Azure Batch pool without public IP addresses This template creates Azure Batch simplified node communication pool without public IP addresses.
Azure Cloud Shell - VNet This template deploys Azure Cloud Shell resources into an Azure virtual network.
Azure Databricks All-in-one Templat VNetInjection-Pvtendpt This template allows you to create a network security group, a virtual network and an Azure Databricks workspace with the virtual network, and Private Endpoint.

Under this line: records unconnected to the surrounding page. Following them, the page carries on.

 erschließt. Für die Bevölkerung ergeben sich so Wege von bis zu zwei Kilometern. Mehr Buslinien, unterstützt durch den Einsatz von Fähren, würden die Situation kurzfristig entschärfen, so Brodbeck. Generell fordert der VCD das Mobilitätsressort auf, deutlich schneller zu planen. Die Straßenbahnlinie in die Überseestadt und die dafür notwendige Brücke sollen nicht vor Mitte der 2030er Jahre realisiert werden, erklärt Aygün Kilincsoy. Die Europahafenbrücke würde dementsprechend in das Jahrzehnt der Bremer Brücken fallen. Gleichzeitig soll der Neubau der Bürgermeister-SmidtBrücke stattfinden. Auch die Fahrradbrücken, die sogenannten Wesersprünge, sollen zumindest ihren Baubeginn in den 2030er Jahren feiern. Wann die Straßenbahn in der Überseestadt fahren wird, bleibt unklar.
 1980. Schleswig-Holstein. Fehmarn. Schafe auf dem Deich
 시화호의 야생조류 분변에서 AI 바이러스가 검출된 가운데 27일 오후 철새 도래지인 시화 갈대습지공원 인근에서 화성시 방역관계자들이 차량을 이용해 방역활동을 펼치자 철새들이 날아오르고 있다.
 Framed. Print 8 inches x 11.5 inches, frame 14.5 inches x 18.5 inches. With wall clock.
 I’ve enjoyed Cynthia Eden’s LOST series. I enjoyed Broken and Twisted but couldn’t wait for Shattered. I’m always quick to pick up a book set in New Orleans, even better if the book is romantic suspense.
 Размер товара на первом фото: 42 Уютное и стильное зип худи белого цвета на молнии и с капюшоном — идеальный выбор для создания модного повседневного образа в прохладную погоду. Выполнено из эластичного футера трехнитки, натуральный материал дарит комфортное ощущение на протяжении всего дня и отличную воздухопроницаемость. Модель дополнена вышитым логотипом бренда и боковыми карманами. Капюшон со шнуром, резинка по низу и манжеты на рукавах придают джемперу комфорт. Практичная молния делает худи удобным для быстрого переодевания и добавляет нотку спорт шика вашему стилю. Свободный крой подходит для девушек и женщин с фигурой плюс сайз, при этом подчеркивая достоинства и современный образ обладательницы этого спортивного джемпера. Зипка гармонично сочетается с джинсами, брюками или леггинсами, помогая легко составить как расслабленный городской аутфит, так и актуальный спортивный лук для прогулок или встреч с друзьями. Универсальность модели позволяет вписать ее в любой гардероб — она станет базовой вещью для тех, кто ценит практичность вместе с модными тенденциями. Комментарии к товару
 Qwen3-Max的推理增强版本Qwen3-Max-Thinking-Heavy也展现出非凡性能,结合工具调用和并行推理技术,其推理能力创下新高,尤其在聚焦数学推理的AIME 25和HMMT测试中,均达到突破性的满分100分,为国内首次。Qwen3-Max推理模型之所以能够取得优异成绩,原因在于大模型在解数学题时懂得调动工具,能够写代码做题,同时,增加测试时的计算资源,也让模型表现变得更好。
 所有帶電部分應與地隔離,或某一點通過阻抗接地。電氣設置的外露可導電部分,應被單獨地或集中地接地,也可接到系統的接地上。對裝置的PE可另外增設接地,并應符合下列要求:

Azure Digital Twins with Function and Private Link service This template creates an Azure Digital Twins service configured with a Virtual Network connected Azure Function that can communicate through a Private Link Endpoint to Digital Twins. It also creates a Private DNS Zone to allow seamless hostname resolution of the Digital Twins Endpoint from the Virtual Network to the Private Endpoint internal subnet IP address. The hostname is stored as a setting to the Azure Function with name 'ADT_ENDPOINT'.
Azure Machine Learning end-to-end secure setup This set of Bicep templates demonstrates how to set up Azure Machine Learning end-to-end in a secure set up. This reference implementation includes the Workspace, a compute cluster, compute instance and attached private AKS cluster.

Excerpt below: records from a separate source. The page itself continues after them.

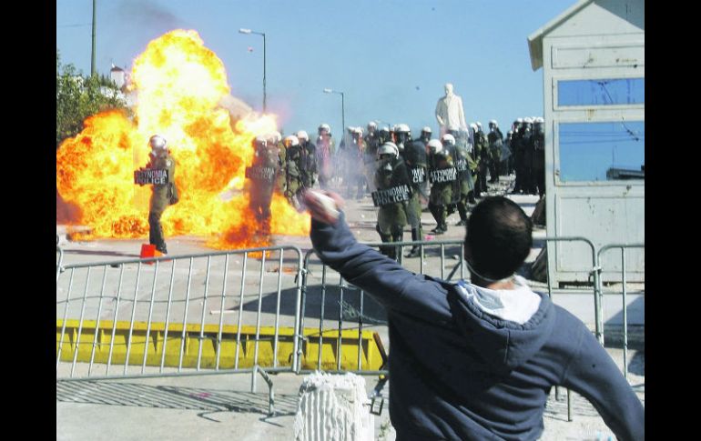 Internacional | Inconformes montan huelga de 48 horas Regresa violencia a Grecia por manifestaciones Alrededor de 100 mil personas se manifiestan en la capital griega contra el proyecto de austeridad Por: AP 20 de octubre de 2011 - 04:19 hs La Policía griega responde a ataques de manifestantes, en Atenas. EFE / ATENAS, GRECIA (20/OCT/2011).- Cientos de jóvenes saquearon tiendas en el centro de Atenas y se enfrentaron con la Policía antimotines durante una manifestación masiva contra dolorosas medidas de austeridad aprobadas preliminarmente el miércoles por el Parlamento. Los disturbios se produjeron en el primer día de una huelga general de 48 horas que paralizó los servicios en gran parte de Grecia, provocando que los vuelos quedaran varados por horas, los transbordadores permanecieran en los puertos y las agencias aduanales, las tiendas y los bancos no operaran. Más de 100 mil personas salieron a las calles de la capital griega para manifestarse contra el proyecto de austeridad, que incluye nuevos aumentos de impuestos, mayores recortes a las pensiones y los salarios, la suspensión con sueldo reducido de 30 mil servidores públicos y la suspensión de los contratos colectivos de trabajo. Los ciudadanos griegos dijeron que ya están muy afectados por más de año y medio de medidas de austeridad. “Ya no podemos soportarlo ni un momento más. Hay desesperación, enojo y amargura”, dijo Nikos Anastasopoulos, jefe de un sindicato de trabajadores en una municipalidad de Atenas, cuando se unía a la manifestación horas antes en el día. Una de las manifestaciones más grandes en años en Atenas se tornó violenta cuando cientos de jóvenes encapuchados arrojaron bombas incendiarias a policías antimotines frente al Parlamento, así como trozos de mármol desprendidos de edificios, estaciones del metro y aceras. La Policía respondió con gases lacrimógenos y granadas de estruendo. Las autoridades dijeron que 50 policías resultaron heridos en los choques, así como al menos tres manifestantes, mientras que 33 personas fueron detenidas para ser interrogadas o arrestadas por presunta participación en los disturbios. Al menos tres periodistas que cubrían los sucesos sufrieron heridas leves. La violencia continuó mucho después de que hubo concluido la manifestación. La Policía corría por las calles en choques con los jóvenes, los cuales establecían barricadas en llamas en las rutas aledañas a la Plaza Syntagma, la principal de Atenas, y cerca del área turística de Monastiraki. Para saberPaís paralizado La huelga general, la quinta en este año y la segunda de 48 horas desde junio pasado, mantiene paralizada todas las actividades en Grecia desde los vuelos y el transporte público hasta escuelas, bancos, tribunales, entre otros. Temas Europa Manifestaciones en el mundo Grecia Recibe las últimas noticias en tu e-mail Todo lo que necesitas saber para comenzar tu día Registrarse implica aceptar los Términos y Condiciones
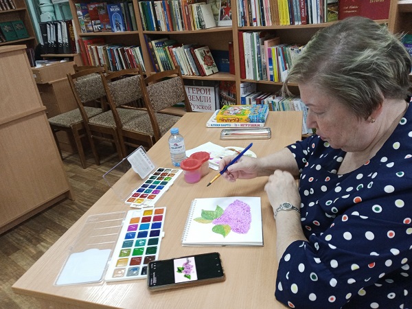 В изостудии «Чердак» Рузской городской библиотеки рисовали букет сирени.
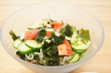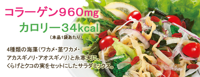 4種類の海藻(わかめ・茎わかめ・赤杉のり・青杉のり)と糸寒天に、くらげとクコの実をセットにしたサラダミックスです。本品で彩り豊かな海藻サラダが作れます。
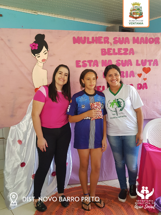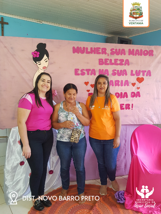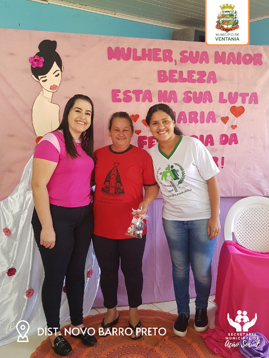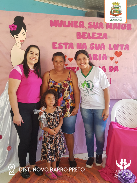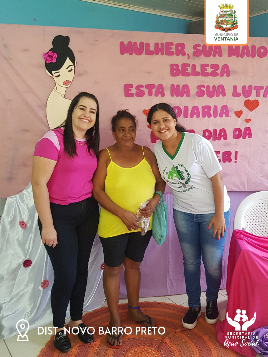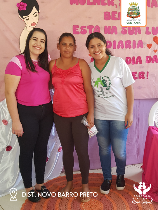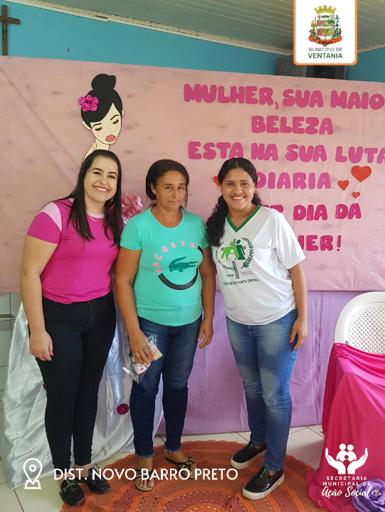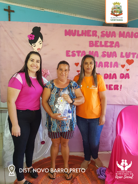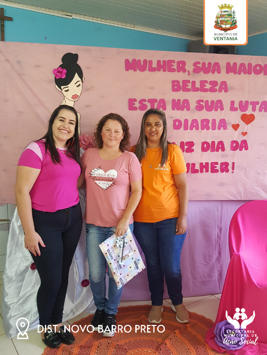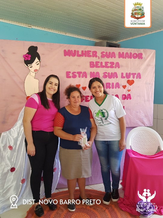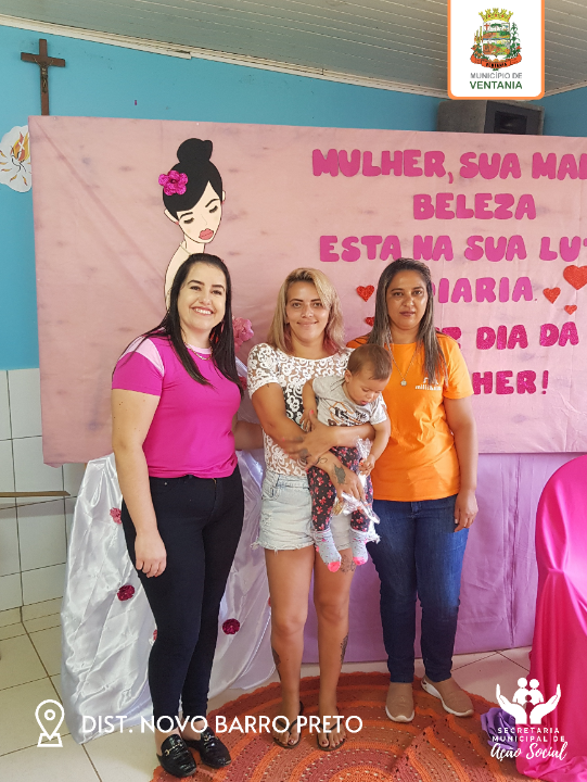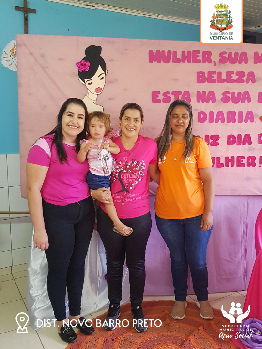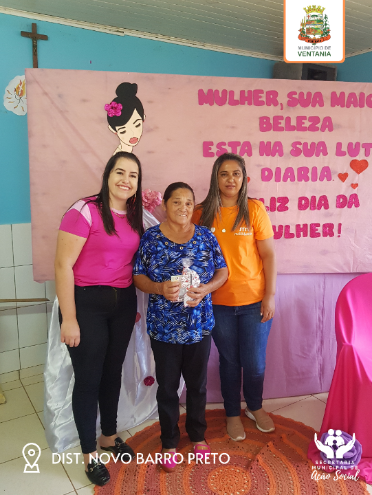 Na última semana, a Secretaria Municipal de Ação Social e Assuntos da Família junto com o CRAS, e em parceria com a Pastoral da Criança e do Adolescente realizaram uma semana especial para as mulheres que participam dos grupos de apoio do CRAS em comemoração ao Dia Internacional da Mulher em Ventania, no distrito de Novo Barro Preto, e no bairro Água Clara.
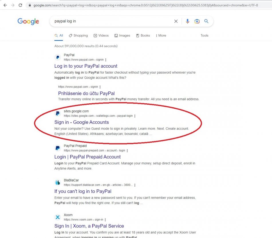 Do vyhľadávača zadáte paypal log in a všimnite si v poradí tretí výsledok. Adresa obsahujúca sites.google nevyzerá podozrivo a ľahko sa môže stať, že na ňu kliknete.

Azure Machine Learning end-to-end secure setup (legacy) This set of Bicep templates demonstrates how to set up Azure Machine Learning end-to-end in a secure set up. This reference implementation includes the Workspace, a compute cluster, compute instance and attached private AKS cluster.
Azure private DNS domain hosting example This template shows how to create a private DNS zone and optionally enable VM registration
AzureDatabricks Template for Default Storage Firewall This template allows you to create a network security group, a virtual network, private endpoint, and a default storage firewall enabled Azure Databricks workspace with the virtual network and the system-assigned access connector.
Create a Private AKS Cluster This sample shows how to create a private AKS cluster in a virtual network along with a jumpbox virtual machine.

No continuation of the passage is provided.